**DATA SECTION:**
══════════════════════════════

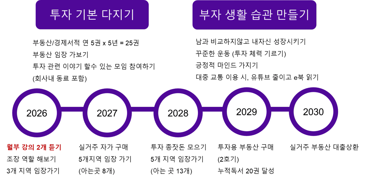 비전보드 실현을 위해 5년 단위로 20년 계획을 세워봅시다. (2025/ 2030/ 2035/ 2040/ 2045년)
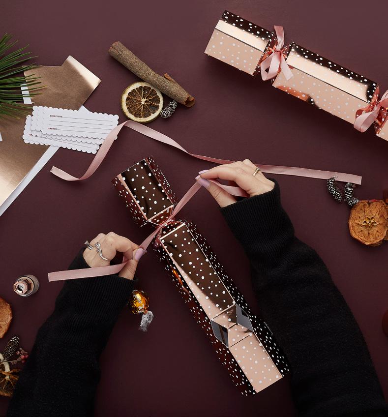6x Rose Gold Foiled Fill Your Own Christmas Crackers Product Code: HBHJ112 (6x Crackers, Hats, Joke Cards & Ribbon)
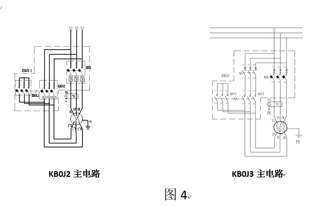 4. KB0J2、KB0J3、KB02J2、KB02J3主電路與普通KB0J、KB02J的接線方式區別是KB0或KB02主電路接線位置,普通的KB0J、KB02J接線方式:接在電源進線端主電路KB0承受的是線電流In。而采用圖4(KB0J2、KB0J3、KB02J2、KB02J3)分流的接線方式后,KB0或KB02主回路接的位置有一些變化,啟動完成后主開關KB0或KB02承受的是相電流In/3(見表4)。KB0J2、KB0J3、KB02J2、KB02J3全壓工作時流過每臺主開關的相電流的計算公式見表4。(電纜的截面積選擇:引至電動機端的電纜截面積承載的電流不小于分流后,流過主開關工作電流值;引至星三角減壓起動器進線端的(進電源端)電纜截面積承載的電流不小于電動機全壓工作時額定電流值。)
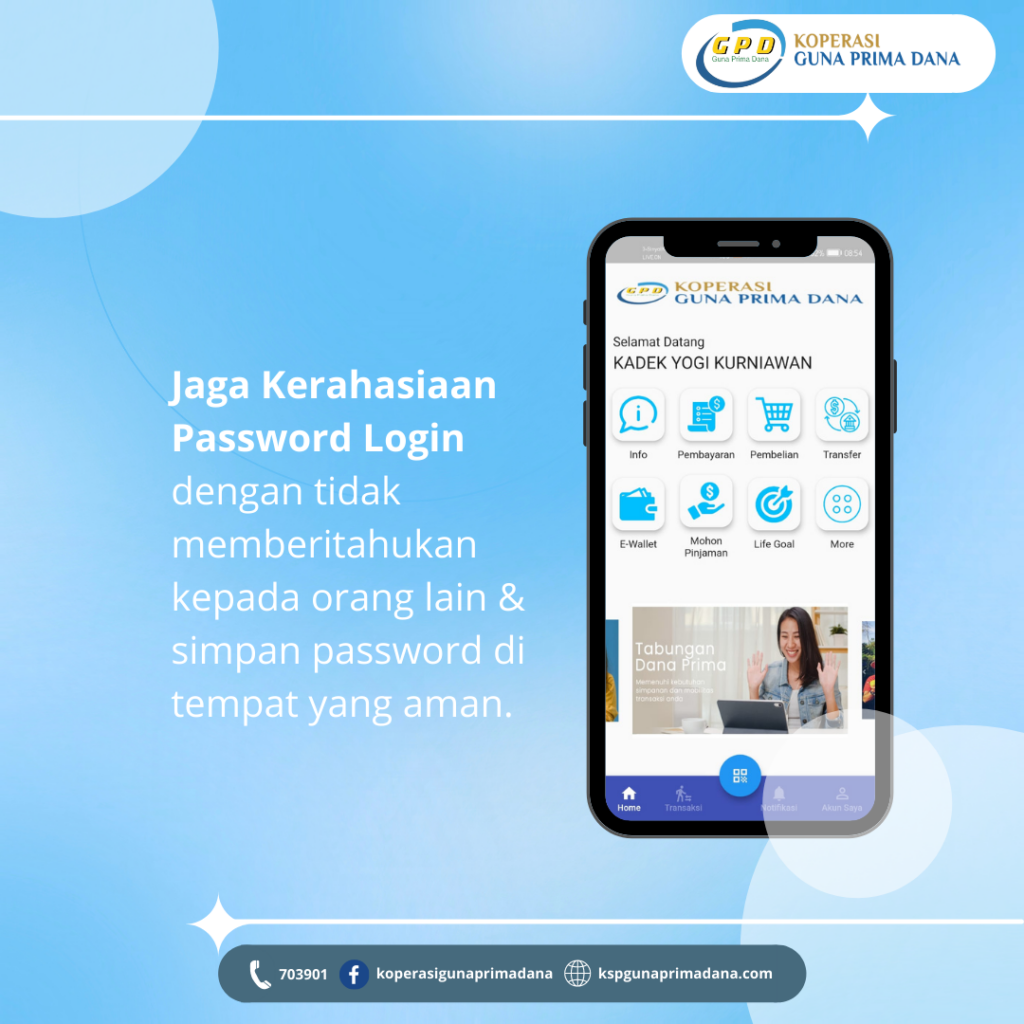 - Jangan memberitahukan PIN atau sebagian PIN Mobile Banking anda kepada siapapun, termasuk orang terdekat anda. Petugas Koperasi tidak pernah meminta dan menanyakan PIN Mobile Banking kepada penggunanya.

══════════════════════════════

**TASK REQUIREMENTS:** Would you please output only the lines from the start of the material above up to and including the line with "4. KB0J2、KB0J3", exactly as they appear and without pictures?

**WRITTEN ANSWER:**
 비전보드 실현을 위해 5년 단위로 20년 계획을 세워봅시다. (2025/ 2030/ 2035/ 2040/ 2045년)
6x Rose Gold Foiled Fill Your Own Christmas Crackers Product Code: HBHJ112 (6x Crackers, Hats, Joke Cards & Ribbon)
 4. KB0J2、KB0J3、KB02J2、KB02J3主電路與普通KB0J、KB02J的接線方式區別是KB0或KB02主電路接線位置,普通的KB0J、KB02J接線方式:接在電源進線端主電路KB0承受的是線電流In。而采用圖4(KB0J2、KB0J3、KB02J2、KB02J3)分流的接線方式后,KB0或KB02主回路接的位置有一些變化,啟動完成后主開關KB0或KB02承受的是相電流In/3(見表4)。KB0J2、KB0J3、KB02J2、KB02J3全壓工作時流過每臺主開關的相電流的計算公式見表4。(電纜的截面積選擇:引至電動機端的電纜截面積承載的電流不小于分流后,流過主開關工作電流值;引至星三角減壓起動器進線端的(進電源端)電纜截面積承載的電流不小于電動機全壓工作時額定電流值。)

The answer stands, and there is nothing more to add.